TRY IT:
Write out each record below exactly, without pictures.

SUPPLIED DATA Block Start

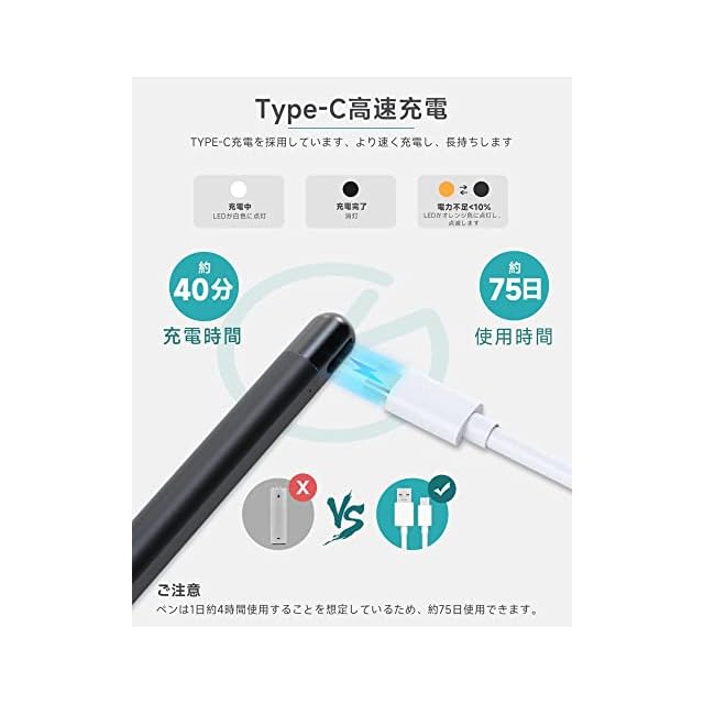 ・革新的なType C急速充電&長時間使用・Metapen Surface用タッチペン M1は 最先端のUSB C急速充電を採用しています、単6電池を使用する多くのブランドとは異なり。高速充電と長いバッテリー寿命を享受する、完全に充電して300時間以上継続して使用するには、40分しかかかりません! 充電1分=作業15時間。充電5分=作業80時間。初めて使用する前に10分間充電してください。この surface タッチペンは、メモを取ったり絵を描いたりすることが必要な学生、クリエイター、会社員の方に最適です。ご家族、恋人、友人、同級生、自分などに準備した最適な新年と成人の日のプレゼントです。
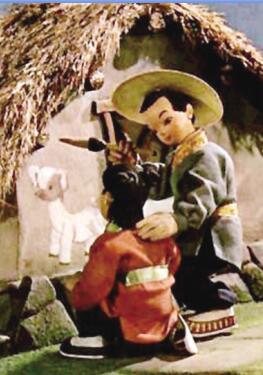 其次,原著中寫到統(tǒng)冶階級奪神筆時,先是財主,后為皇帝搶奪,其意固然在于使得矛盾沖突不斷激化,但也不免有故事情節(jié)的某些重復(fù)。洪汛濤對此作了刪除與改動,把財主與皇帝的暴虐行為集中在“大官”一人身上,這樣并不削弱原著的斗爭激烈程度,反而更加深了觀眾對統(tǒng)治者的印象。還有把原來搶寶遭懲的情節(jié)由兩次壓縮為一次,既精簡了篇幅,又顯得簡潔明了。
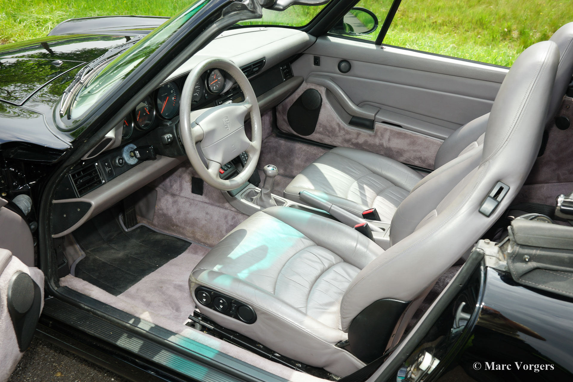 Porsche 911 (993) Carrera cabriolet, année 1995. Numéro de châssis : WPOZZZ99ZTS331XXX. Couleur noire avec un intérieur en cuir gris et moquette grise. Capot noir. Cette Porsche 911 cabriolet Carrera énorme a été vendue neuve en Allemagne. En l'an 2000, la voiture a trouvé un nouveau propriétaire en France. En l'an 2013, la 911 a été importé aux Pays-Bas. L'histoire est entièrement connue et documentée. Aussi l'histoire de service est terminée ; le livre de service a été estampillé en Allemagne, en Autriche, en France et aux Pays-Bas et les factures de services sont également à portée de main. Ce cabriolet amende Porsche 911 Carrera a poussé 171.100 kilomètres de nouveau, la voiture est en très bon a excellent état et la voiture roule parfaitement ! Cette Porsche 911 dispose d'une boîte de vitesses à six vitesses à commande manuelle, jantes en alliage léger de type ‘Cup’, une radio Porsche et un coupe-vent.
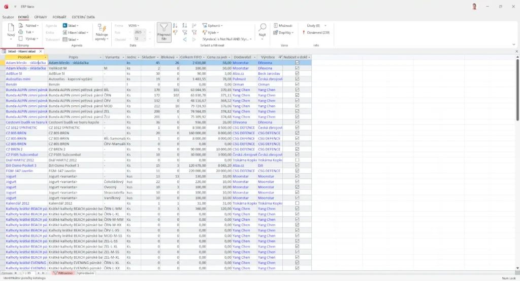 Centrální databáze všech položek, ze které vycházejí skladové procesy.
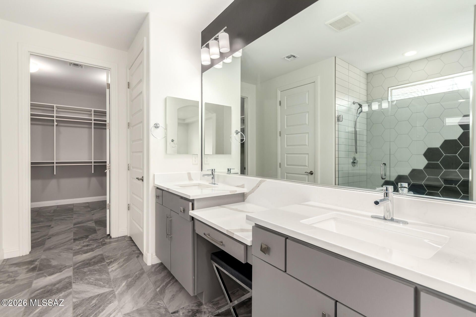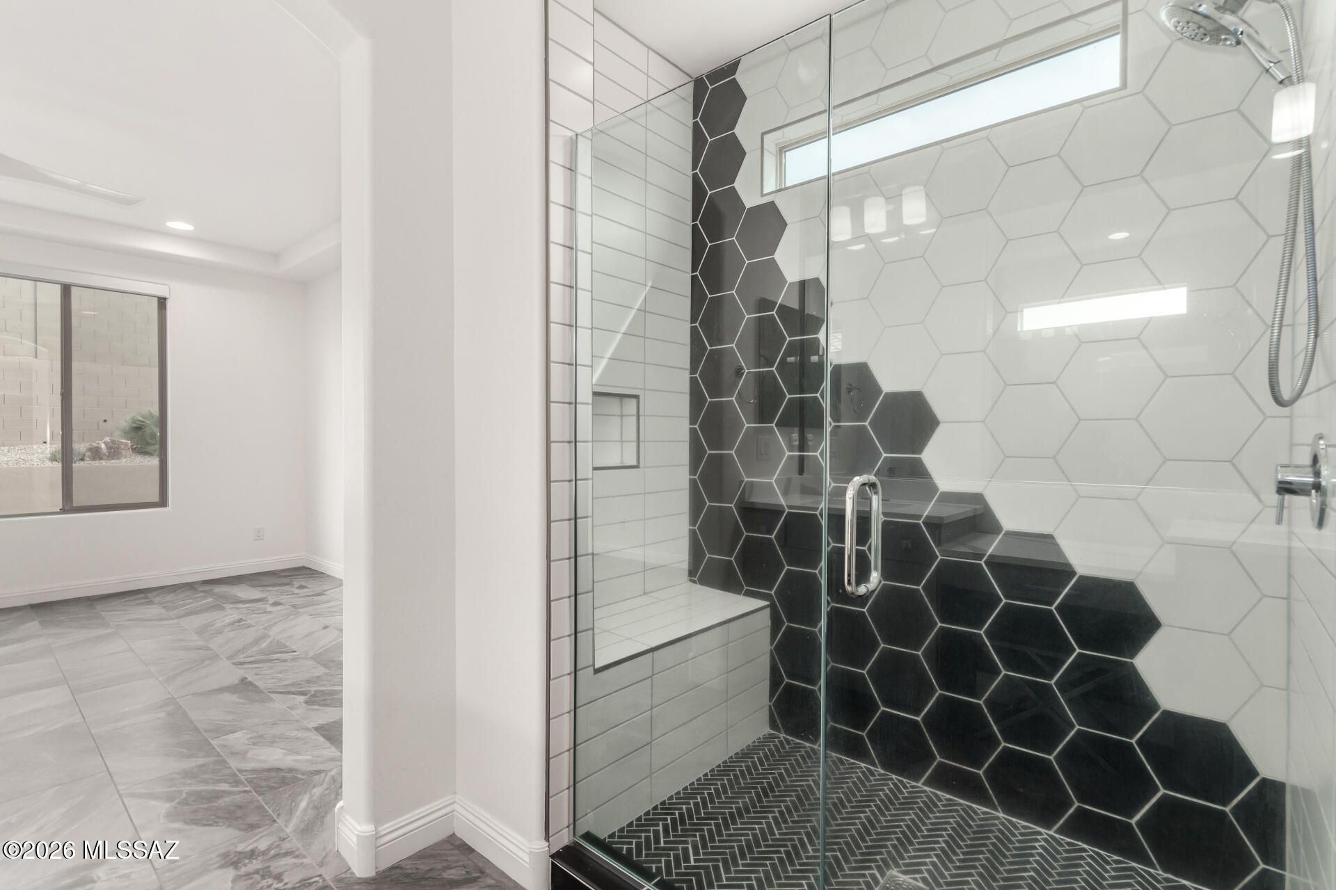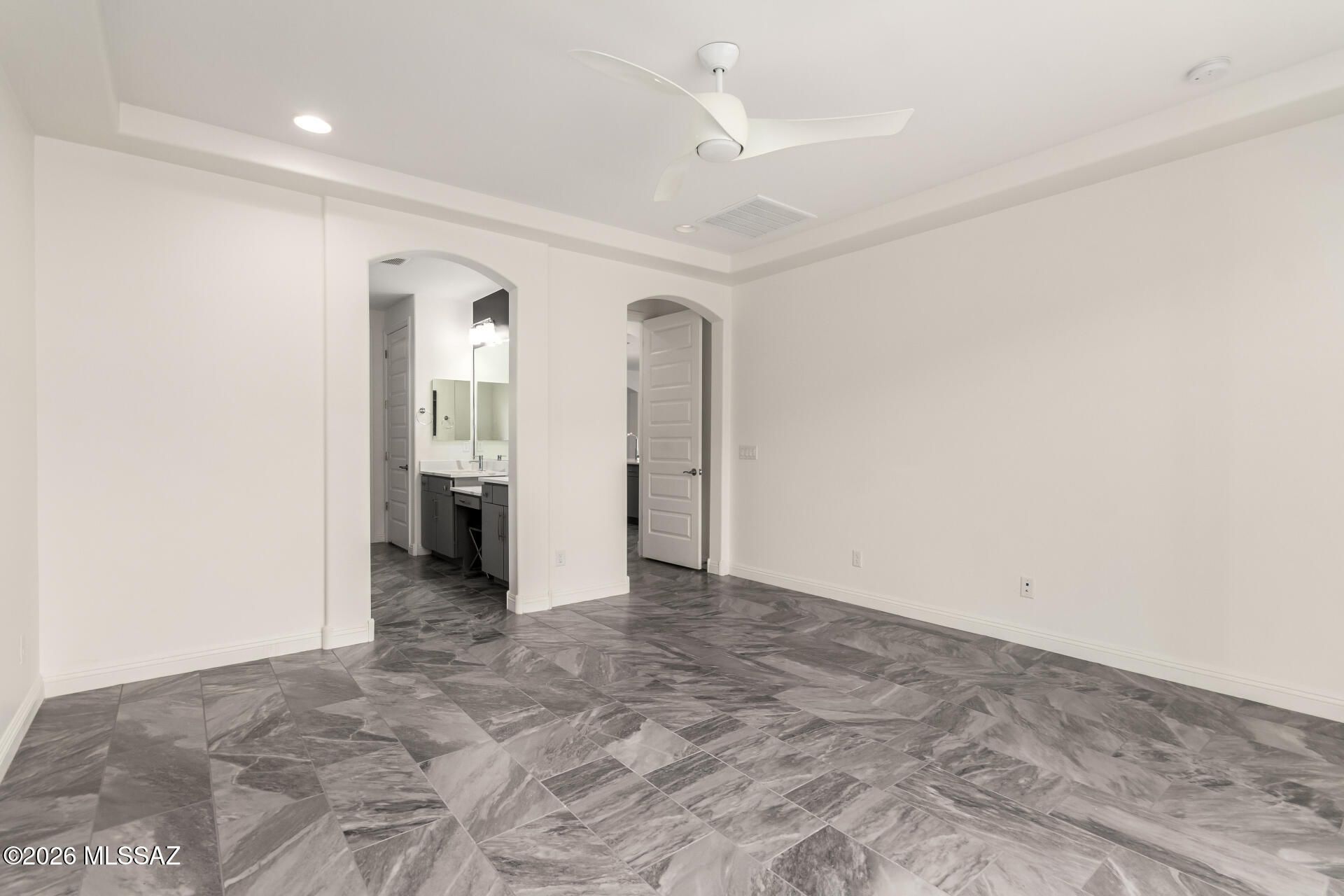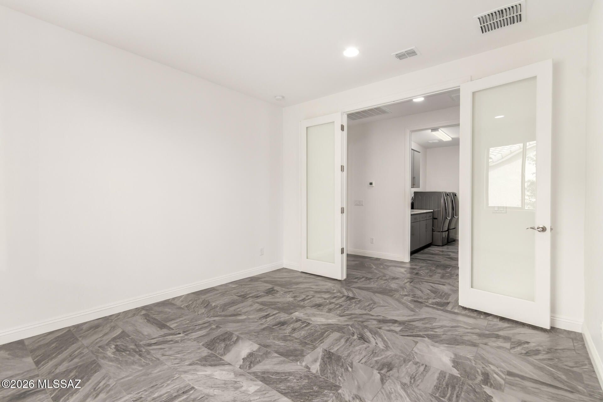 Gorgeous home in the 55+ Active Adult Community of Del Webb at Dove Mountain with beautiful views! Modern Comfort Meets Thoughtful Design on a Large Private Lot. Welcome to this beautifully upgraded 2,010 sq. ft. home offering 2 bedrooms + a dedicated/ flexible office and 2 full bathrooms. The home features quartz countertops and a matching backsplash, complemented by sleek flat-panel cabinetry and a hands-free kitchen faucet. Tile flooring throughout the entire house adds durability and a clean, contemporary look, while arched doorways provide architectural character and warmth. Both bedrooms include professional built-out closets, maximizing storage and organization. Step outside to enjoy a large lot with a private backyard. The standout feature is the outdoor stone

SUPPLIED DATA Block End

RESULT BELOW:
 ・革新的なType C急速充電&長時間使用・Metapen Surface用タッチペン M1は 最先端のUSB C急速充電を採用しています、単6電池を使用する多くのブランドとは異なり。高速充電と長いバッテリー寿命を享受する、完全に充電して300時間以上継続して使用するには、40分しかかかりません! 充電1分=作業15時間。充電5分=作業80時間。初めて使用する前に10分間充電してください。この surface タッチペンは、メモを取ったり絵を描いたりすることが必要な学生、クリエイター、会社員の方に最適です。ご家族、恋人、友人、同級生、自分などに準備した最適な新年と成人の日のプレゼントです。
 其次,原著中寫到統(tǒng)冶階級奪神筆時,先是財主,后為皇帝搶奪,其意固然在于使得矛盾沖突不斷激化,但也不免有故事情節(jié)的某些重復(fù)。洪汛濤對此作了刪除與改動,把財主與皇帝的暴虐行為集中在“大官”一人身上,這樣并不削弱原著的斗爭激烈程度,反而更加深了觀眾對統(tǒng)治者的印象。還有把原來搶寶遭懲的情節(jié)由兩次壓縮為一次,既精簡了篇幅,又顯得簡潔明了。
 Porsche 911 (993) Carrera cabriolet, année 1995. Numéro de châssis : WPOZZZ99ZTS331XXX. Couleur noire avec un intérieur en cuir gris et moquette grise. Capot noir. Cette Porsche 911 cabriolet Carrera énorme a été vendue neuve en Allemagne. En l'an 2000, la voiture a trouvé un nouveau propriétaire en France. En l'an 2013, la 911 a été importé aux Pays-Bas. L'histoire est entièrement connue et documentée. Aussi l'histoire de service est terminée ; le livre de service a été estampillé en Allemagne, en Autriche, en France et aux Pays-Bas et les factures de services sont également à portée de main. Ce cabriolet amende Porsche 911 Carrera a poussé 171.100 kilomètres de nouveau, la voiture est en très bon a excellent état et la voiture roule parfaitement ! Cette Porsche 911 dispose d'une boîte de vitesses à six vitesses à commande manuelle, jantes en alliage léger de type ‘Cup’, une radio Porsche et un coupe-vent.
 Centrální databáze všech položek, ze které vycházejí skladové procesy.
 Gorgeous home in the 55+ Active Adult Community of Del Webb at Dove Mountain with beautiful views! Modern Comfort Meets Thoughtful Design on a Large Private Lot. Welcome to this beautifully upgraded 2,010 sq. ft. home offering 2 bedrooms + a dedicated/ flexible office and 2 full bathrooms. The home features quartz countertops and a matching backsplash, complemented by sleek flat-panel cabinetry and a hands-free kitchen faucet. Tile flooring throughout the entire house adds durability and a clean, contemporary look, while arched doorways provide architectural character and warmth. Both bedrooms include professional built-out closets, maximizing storage and organization. Step outside to enjoy a large lot with a private backyard. The standout feature is the outdoor stone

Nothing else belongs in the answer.